Siempre he elegido mis batallas. No siempre las he elegido bien. Creo que desde la barriga venimos ya con un mapa genético que nos lleva a desarrollar rasgos no solo físicos sino también de carácter.
La educación y el entorno influyen, pero hay cosas que están totalmente marcadas.
Yo fui, soy y espero seguir siendo inquieta y activa. No puedo quedarme parada si hay algo que hacer, resolver o desarrollar.
Suelo dejar muchas cosas para el final porque esos límites me llevan al extremo de mi productividad y, aunque confieso que últimamente mi cuerpo grita, y mucho, ante la sobredosis de estrés, no me vislumbro sin algo que hacer.
Hablo sobre esto porque me cuesta entender la pasividad, las personas que esperan a que otros den soluciones y les arreglen sus problemas, y no me refiero a los que realmente necesitan ayuda porque no tienen la capacidad o los medios para solucionar algo. No.
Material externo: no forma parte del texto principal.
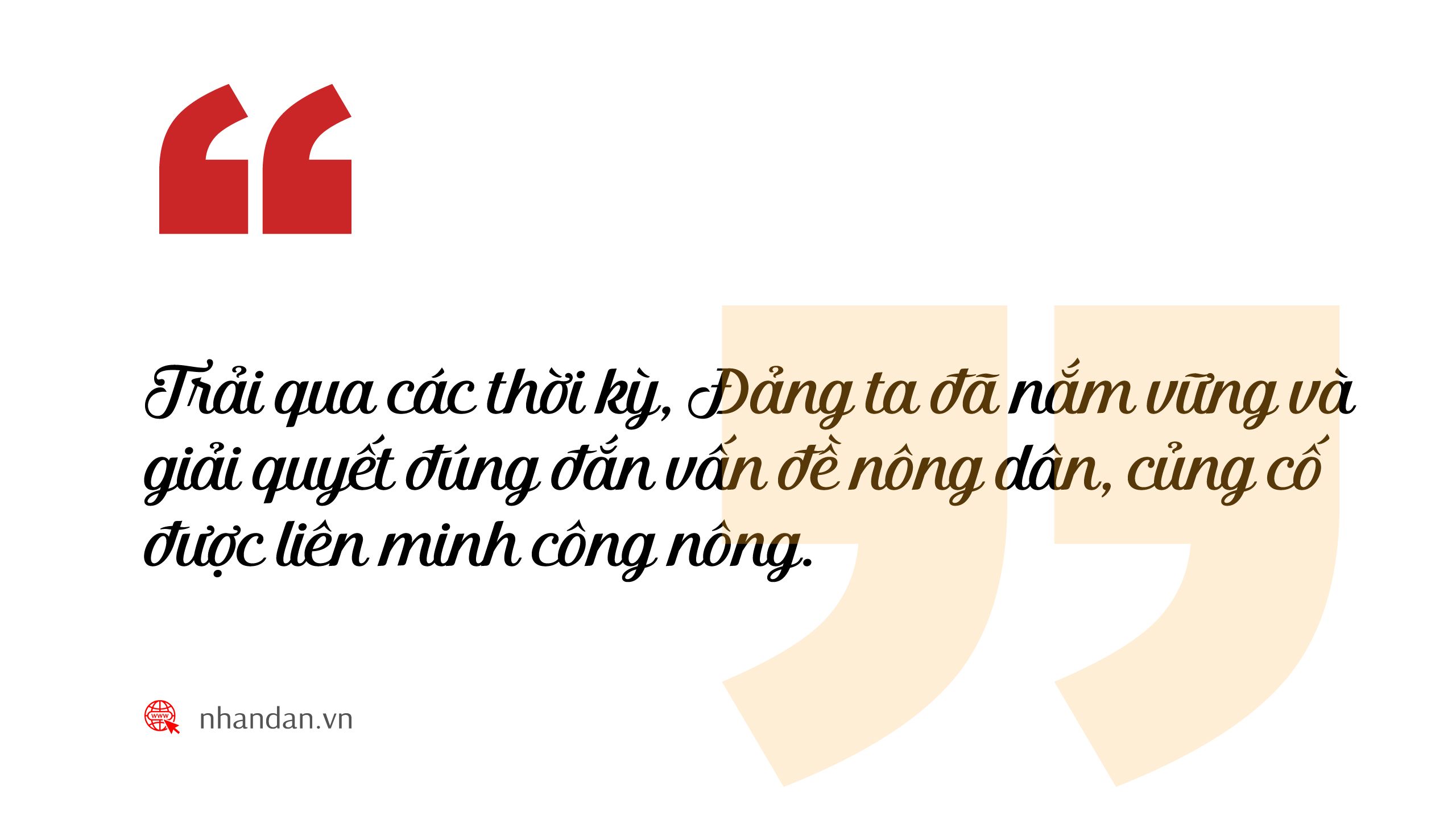 Đảng ta đã đấu tranh chống những xu hướng hữu khuynh và "tả" khuynh đánh giá thấp vai trò của nông dân là quân chủ lực của cách mạng, là bạn đồng minh chủ yếu và tin cậy nhất của giai cấp công nhân, là lực lượng cơ bản cùng với giai cấp công nhân xây dựng chủ nghĩa xã hội. Kinh nghiệm của Đảng ta trong quá trình cách mạng đã chỉ rõ là nơi nào, lúc nào cán bộ ta giải quyết tốt lợi ích thiết thân của nông dân, nắm vững nguyên tắc liên minh công nông, thì nơi đó, lúc đó cách mạng đều tiến mạnh.

Señalo a quienes ni siquera hacen el esfuerzo.
Y lo que más me sorprende es que lo ven como algo normal, entienden que no es su responsabilidad y que siempre aparecerá alguien para hacerlo.
Son capaces de dejar las cosas estropeadas y no hacer algo porque no entra en su cabeza que deban hacerlo.
Quizá soy demasiado severa y mido a los demás con el mismo rasante con el que me mido a mí misma, quizá no debería ser así porque muchas veces acabo metiéndome donde no me llaman por no poder estar callada o quieta.
Pero, como les he dicho muchas veces, a mi edad ya asumo quién soy con lo bueno y lo malo. Pero algo tengo claro: siempre es mejor actuar que quedarte pasivo y si veo algo que está por hacer no voy a mirar a otro lado.